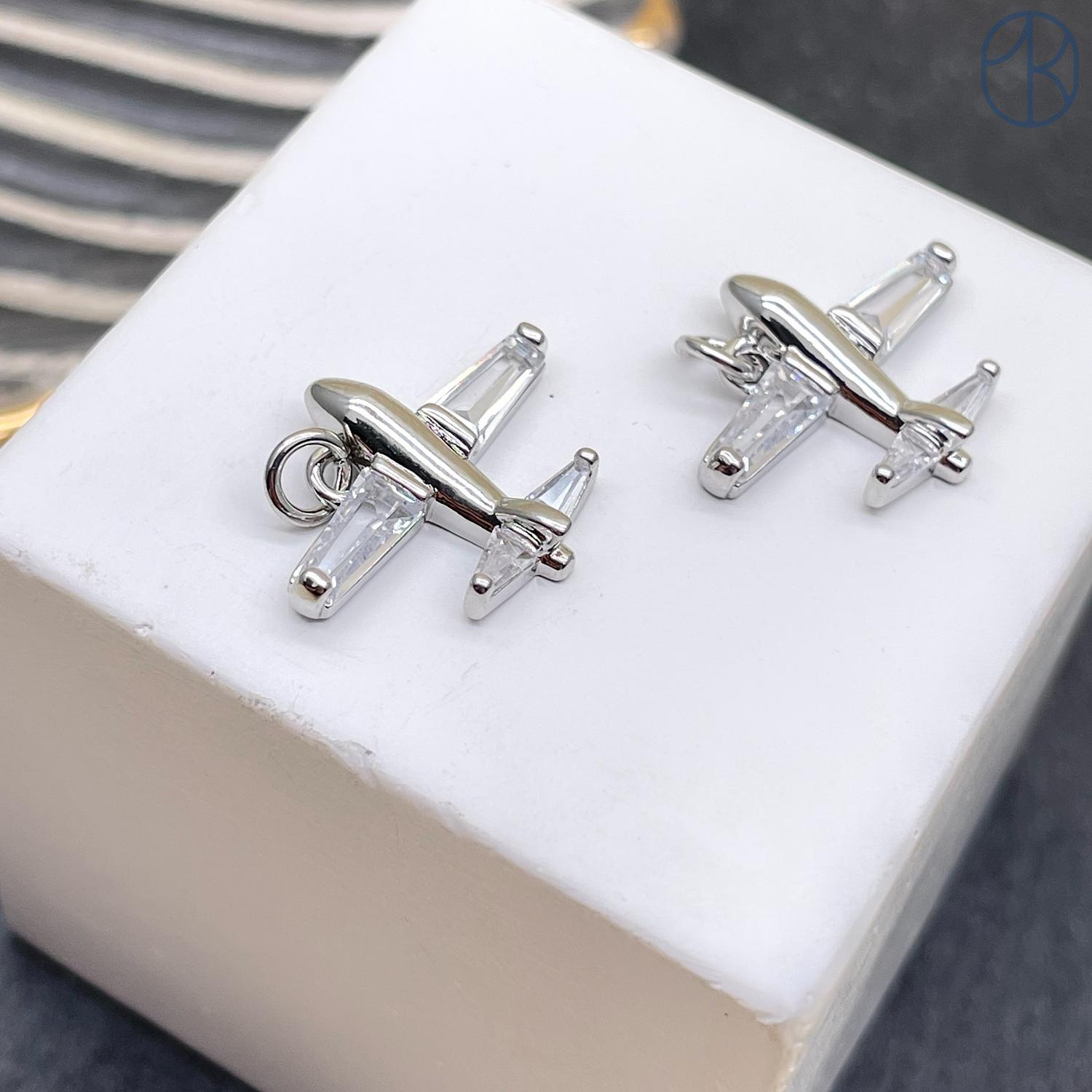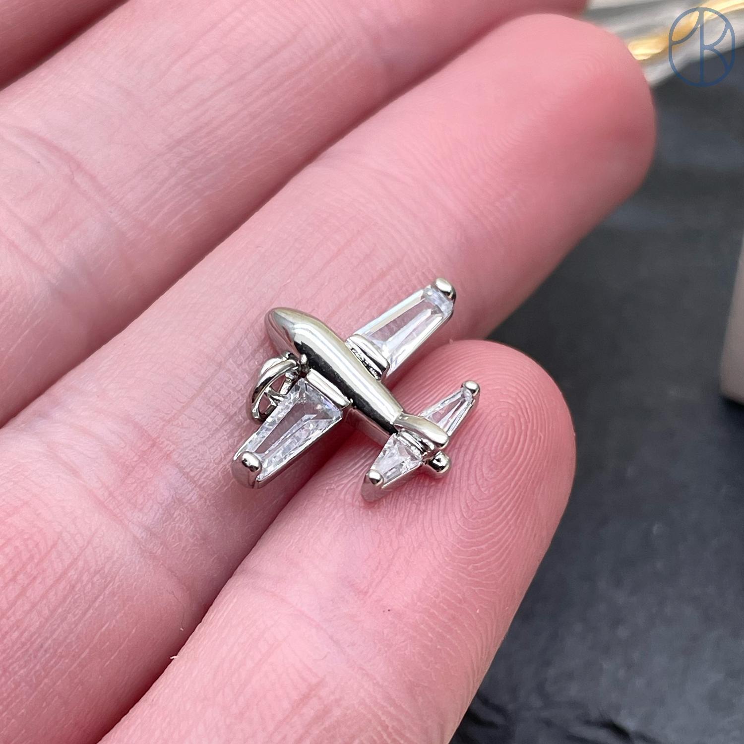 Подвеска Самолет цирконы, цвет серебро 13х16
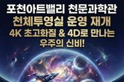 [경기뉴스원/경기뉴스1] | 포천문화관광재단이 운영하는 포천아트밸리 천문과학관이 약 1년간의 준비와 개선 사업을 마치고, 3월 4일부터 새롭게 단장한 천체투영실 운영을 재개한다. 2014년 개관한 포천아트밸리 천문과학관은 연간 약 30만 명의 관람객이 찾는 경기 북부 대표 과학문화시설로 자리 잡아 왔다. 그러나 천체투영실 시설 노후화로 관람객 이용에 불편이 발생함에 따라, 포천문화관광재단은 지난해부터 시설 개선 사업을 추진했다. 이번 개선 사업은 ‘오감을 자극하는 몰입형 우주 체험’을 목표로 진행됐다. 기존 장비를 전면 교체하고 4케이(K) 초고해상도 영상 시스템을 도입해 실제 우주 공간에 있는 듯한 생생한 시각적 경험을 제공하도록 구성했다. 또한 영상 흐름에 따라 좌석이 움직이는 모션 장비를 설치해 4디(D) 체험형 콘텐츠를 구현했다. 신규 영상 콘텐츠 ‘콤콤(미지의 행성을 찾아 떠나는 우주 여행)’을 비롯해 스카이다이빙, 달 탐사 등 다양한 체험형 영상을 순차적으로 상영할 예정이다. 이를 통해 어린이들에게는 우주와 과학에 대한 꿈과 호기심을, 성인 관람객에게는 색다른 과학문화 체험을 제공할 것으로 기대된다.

* * *

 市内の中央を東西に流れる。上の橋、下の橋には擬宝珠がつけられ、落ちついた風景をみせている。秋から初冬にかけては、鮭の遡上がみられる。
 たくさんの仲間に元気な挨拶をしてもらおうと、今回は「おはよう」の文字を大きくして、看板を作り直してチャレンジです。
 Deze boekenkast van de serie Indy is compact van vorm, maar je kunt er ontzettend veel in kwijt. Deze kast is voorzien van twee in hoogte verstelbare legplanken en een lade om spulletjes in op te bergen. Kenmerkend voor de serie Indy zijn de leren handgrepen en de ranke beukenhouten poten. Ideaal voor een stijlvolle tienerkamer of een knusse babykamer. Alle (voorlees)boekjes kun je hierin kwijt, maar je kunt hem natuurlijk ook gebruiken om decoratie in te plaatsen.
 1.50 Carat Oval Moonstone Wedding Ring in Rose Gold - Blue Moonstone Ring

*EXERCISE GOAL*: Using the entries shown above, reproduce verbatim the lines from the line bearing "たくさんの仲間に元気な挨拶を" to the line bearing "1.50 Carat Oval", inclusive.

*SOLUTION FOR THIS TASK*:
 たくさんの仲間に元気な挨拶をしてもらおうと、今回は「おはよう」の文字を大きくして、看板を作り直してチャレンジです。
 Deze boekenkast van de serie Indy is compact van vorm, maar je kunt er ontzettend veel in kwijt. Deze kast is voorzien van twee in hoogte verstelbare legplanken en een lade om spulletjes in op te bergen. Kenmerkend voor de serie Indy zijn de leren handgrepen en de ranke beukenhouten poten. Ideaal voor een stijlvolle tienerkamer of een knusse babykamer. Alle (voorlees)boekjes kun je hierin kwijt, maar je kunt hem natuurlijk ook gebruiken om decoratie in te plaatsen.
 1.50 Carat Oval Moonstone Wedding Ring in Rose Gold - Blue Moonstone Ring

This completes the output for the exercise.